- [Record excerpts]
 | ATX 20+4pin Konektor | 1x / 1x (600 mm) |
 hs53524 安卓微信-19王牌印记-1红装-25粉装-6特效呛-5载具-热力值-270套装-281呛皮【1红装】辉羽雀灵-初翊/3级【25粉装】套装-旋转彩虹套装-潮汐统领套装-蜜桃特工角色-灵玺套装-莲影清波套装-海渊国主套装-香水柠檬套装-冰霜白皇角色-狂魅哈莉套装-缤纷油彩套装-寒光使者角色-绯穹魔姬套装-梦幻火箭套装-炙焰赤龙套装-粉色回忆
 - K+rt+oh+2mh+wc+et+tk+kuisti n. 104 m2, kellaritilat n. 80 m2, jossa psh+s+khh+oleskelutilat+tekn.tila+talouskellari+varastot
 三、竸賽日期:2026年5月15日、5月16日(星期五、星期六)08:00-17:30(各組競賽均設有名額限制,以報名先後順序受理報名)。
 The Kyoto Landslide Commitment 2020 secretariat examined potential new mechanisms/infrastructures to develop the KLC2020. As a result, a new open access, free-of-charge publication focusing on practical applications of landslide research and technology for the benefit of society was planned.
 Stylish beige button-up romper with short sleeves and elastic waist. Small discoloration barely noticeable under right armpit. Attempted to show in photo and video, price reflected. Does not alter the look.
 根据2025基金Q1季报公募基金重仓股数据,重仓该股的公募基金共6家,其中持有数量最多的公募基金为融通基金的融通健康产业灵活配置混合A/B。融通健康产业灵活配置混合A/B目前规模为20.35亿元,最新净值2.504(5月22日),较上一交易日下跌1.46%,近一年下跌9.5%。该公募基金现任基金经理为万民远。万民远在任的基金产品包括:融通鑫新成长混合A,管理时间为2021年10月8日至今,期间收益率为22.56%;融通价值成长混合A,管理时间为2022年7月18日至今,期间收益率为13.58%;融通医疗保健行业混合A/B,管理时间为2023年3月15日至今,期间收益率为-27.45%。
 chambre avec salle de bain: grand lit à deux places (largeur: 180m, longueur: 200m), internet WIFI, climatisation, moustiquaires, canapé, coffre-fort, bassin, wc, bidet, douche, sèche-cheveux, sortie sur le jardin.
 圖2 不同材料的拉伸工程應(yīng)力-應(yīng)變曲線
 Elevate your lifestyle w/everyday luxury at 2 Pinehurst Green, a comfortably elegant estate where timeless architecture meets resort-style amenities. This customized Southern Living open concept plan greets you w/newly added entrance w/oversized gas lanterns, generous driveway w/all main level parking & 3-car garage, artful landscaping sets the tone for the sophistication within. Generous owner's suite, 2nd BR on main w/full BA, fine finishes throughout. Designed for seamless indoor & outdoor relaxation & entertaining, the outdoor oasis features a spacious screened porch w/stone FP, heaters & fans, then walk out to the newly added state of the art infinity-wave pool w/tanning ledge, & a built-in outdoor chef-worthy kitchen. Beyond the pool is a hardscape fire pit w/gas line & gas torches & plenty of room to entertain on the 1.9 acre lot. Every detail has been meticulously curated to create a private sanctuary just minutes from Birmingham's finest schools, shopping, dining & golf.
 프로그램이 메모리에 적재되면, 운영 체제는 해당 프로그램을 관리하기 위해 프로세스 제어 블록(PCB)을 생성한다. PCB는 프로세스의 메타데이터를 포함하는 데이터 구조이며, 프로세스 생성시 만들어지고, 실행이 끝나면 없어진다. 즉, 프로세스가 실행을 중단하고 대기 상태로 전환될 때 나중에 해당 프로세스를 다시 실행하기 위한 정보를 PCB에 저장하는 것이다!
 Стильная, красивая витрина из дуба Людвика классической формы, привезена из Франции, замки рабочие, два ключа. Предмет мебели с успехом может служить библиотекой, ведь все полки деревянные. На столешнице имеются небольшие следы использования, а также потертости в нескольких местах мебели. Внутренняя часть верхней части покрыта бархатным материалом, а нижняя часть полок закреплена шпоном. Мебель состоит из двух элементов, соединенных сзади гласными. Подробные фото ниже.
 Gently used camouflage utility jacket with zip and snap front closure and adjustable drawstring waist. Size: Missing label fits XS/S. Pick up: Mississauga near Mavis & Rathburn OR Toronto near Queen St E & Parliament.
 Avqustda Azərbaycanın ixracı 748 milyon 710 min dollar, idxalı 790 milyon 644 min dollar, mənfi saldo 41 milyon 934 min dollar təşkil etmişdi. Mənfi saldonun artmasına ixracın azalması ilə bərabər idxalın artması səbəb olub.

- [About this task] Collect the lines of the records that include the string "waist".

- [Written response]
 Stylish beige button-up romper with short sleeves and elastic waist. Small discoloration barely noticeable under right armpit. Attempted to show in photo and video, price reflected. Does not alter the look.
 Gently used camouflage utility jacket with zip and snap front closure and adjustable drawstring waist. Size: Missing label fits XS/S. Pick up: Mississauga near Mavis & Rathburn OR Toronto near Queen St E & Parliament.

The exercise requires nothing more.